Both conservatives and progressives are lamenting the soaring prices in the American economy. Not surprisingly, many of them are blaming the problem on Covid and, of course, on Russia. If only Covid hadn’t hit and if only Russia hadn’t invaded Ukraine, everything in the American economy would be hunky-dory.
Progressives are now criticizing the Federal Reserve for threatening to bring an end to its long-time “easy-money” policy. Sensing that the Fed’s new policy of raising interest rates will throw the economy into recession. Democrats are, needless to say, concerned about how that will play out in the mid-term elections and, more important, how that will affect Donald Trump’s chances of being elected president again in 2024.
Not surprisingly, both conservatives and progressives are refusing to confront the big elephant in the room — the one that is the root of the problem: out-of-control spending by the federal government, which has been going on a very long time.
For decades, the federal government has been spending more than it takes in with taxes to fund both its welfare and warfare. To cover the difference, U.S. officials have simply been borrowing the money. Year after year, the amount of federal debt has been increasing.
But that debt has to be paid off. One way would be to simply raise income taxes. But that’s not a popular thing to do. So another way is to have the Federal Reserve effectively print the money to pay off the debt. As the Fed inflates the money supply, the resulting monetary debasement ends up being reflected by rising prices.
The rising prices are simply showing people that their money has less value. The reason it has less value is because the Fed has inflated its quantity with its “easy-money” policy. The debased money is, in reality, a tax, albeit a surreptitious one. The average person doesn’t realize that U.S. officials are taxing him to pay off their debt. He blames the rising prices on things like Covid, Russia, and gasoline-station owners. From the standpoint of federal officials, that’s the beauty of having a central bank like the Federal Reserve.
The problem is actually magnified by the fact that federal officials continue spending more than what they receive in taxes. That’s because the Fed then has to print the money to cover that difference and to pay for the already-incurred debt.
Let’s engage in a thought experiment. Let’s assume I am receiving an annual income of $50,000 and that I am spending $150,000 per year. After the first year, I have accumulated $100,000 in debt. At the end of the second year, I now owe $200,000. After five years, I owe half-a-million dollars.
I go into my basement and crank up a first-class, very expensive printing press, one that can print up almost perfect copies of $100 bills. I use it to print up money and use it to begin paying off my debt. But keep in mind that I’m still spending $100,000 more than what I’m receiving from my salary. So, I’ve got to print up that $100,000 also, in order to ensure my debt isn’t increasing.

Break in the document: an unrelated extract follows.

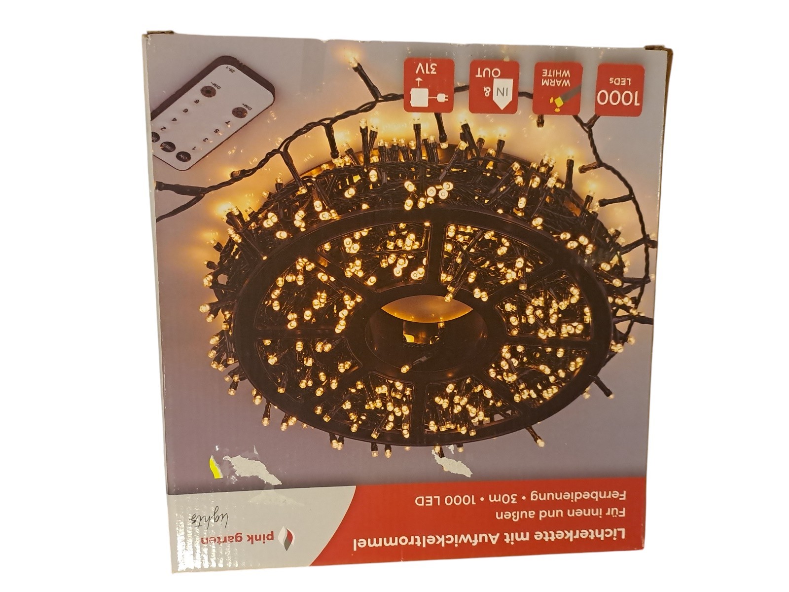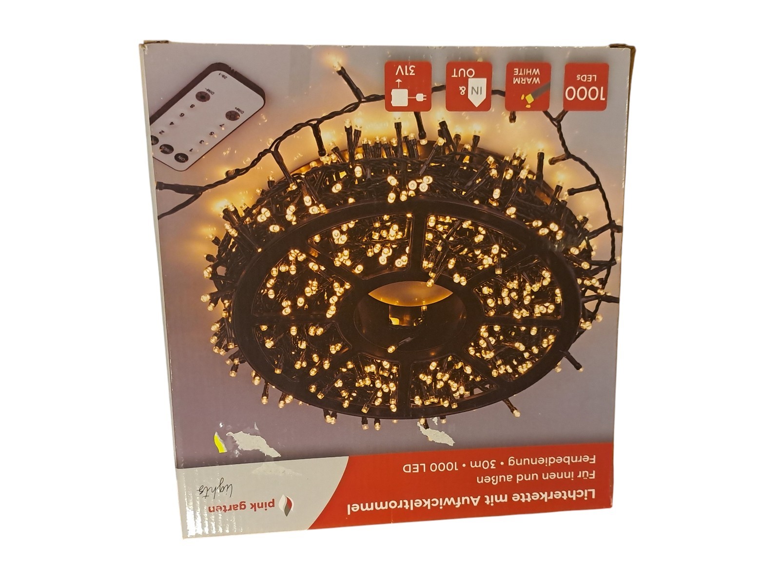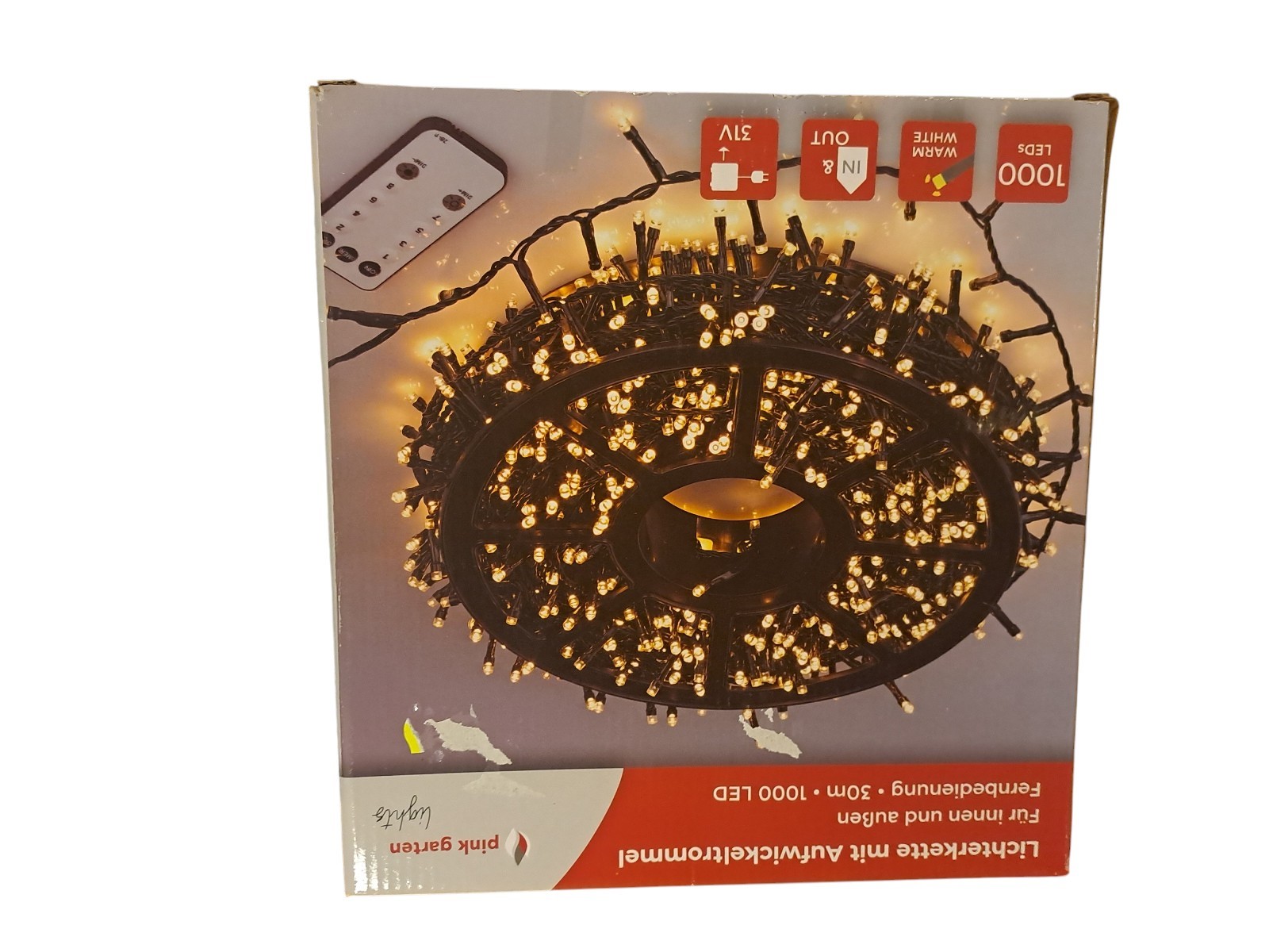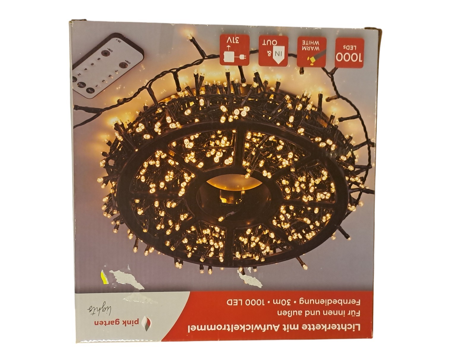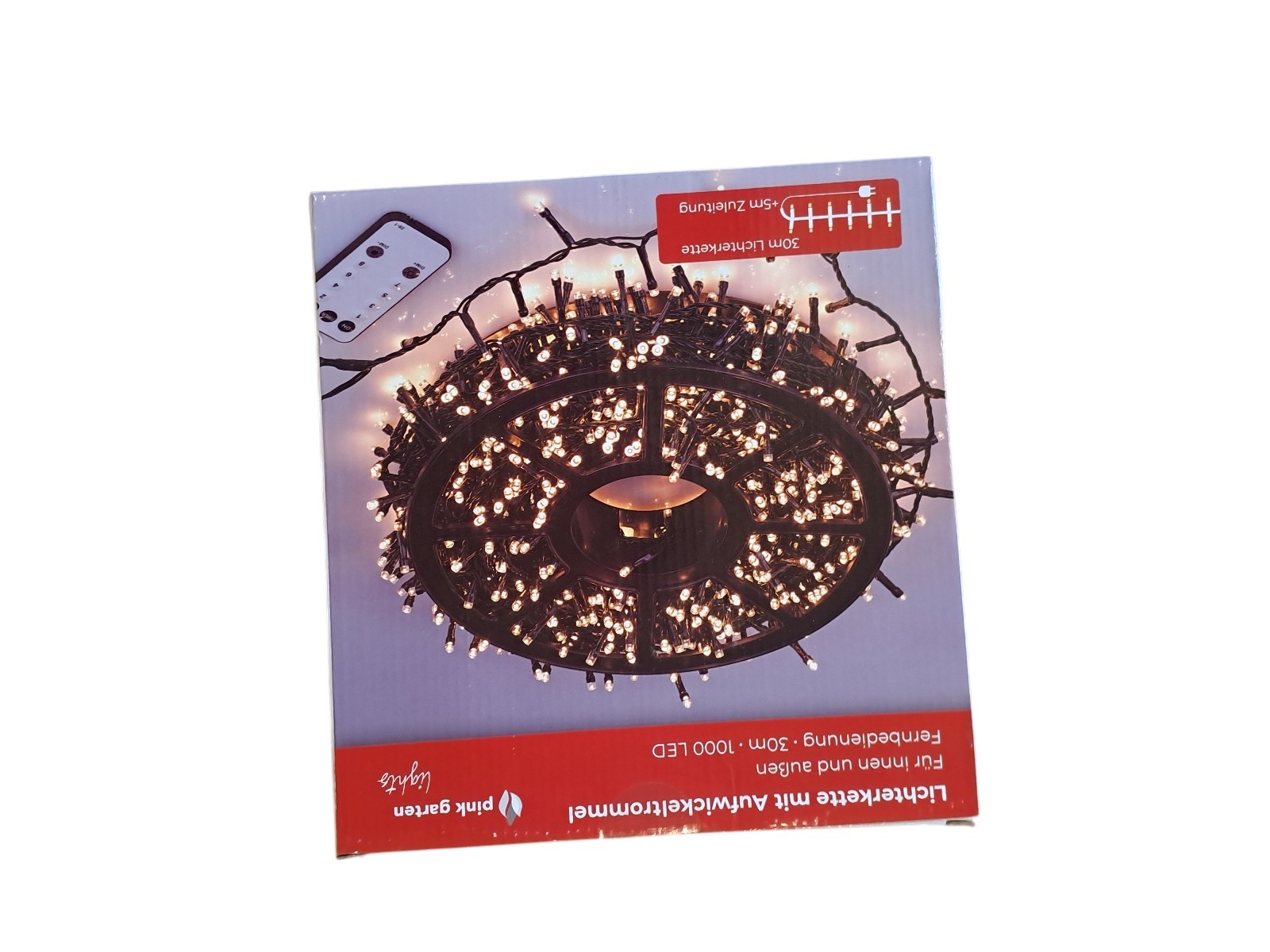 mit Aufwickeltrommel, für innen und außen, mit Fernbedienung, 30 m, 1000 Leds, warm weiß, Neupreis 49,99 Euro, Neuware in OVP

As my newly printed money enters the marketplace, that makes everyone else’s money worth less. That reduction in the value of everyone’s else’s money is reflected by rising prices. In other words, because of what I am doing, everyone else’s money now buys less than it did before. And the beauty of it is that no one knows that I’m responsible. They think the rising prices are because of Covid, Russia, and gasoline-station owners.
Recall something important: For the past many years, every time the federal debt ceiling has been reached, both conservatives and progressives, along with their statist supporters in the mainstream press, have steadfastly and consistently supported raising it. They didn’t have to do that. They could have insisted on the debt ceiling be enforced, which would mean no new federal debt. That would necessarily have forced federal officials to slash spending so that income from taxes would equal expenditures.
They weren’t about to do that. They are still not about to do that. They are so addicted to spending on both welfare and warfare that they simply are unable to break free of their addiction. Moreover, there is virtually no chance that either welfare recipients (including Social Security and Medicare recipients) or the military-intelligence establishment (especially the Pentagon and the CIA and their army of voracious contractors) are going to let go of any significant portion of their welfare-warfare dole. Thus, federal officials will continue to spending vast amounts more than what they bring in with taxes, adding ever-more debt to the $30 trillion of debt they have already accumulated.
But they will not raise taxes to cover the difference and to pay off the debt because they know how people would react to that. Instead, they will continue to rely on the Federal Reserve to print up the “easy” money” that enables them to engage in these antics. But as we now see, prices are soaring across the board and the Fed is threatening to “tighten up.” But if the Fed “tightens up,” how are they going to cover all that massive spending and debt? It seems that after decades of out-of-control spending, borrowing, and inflating, the welfare-warfare chickens might just be coming home to roost.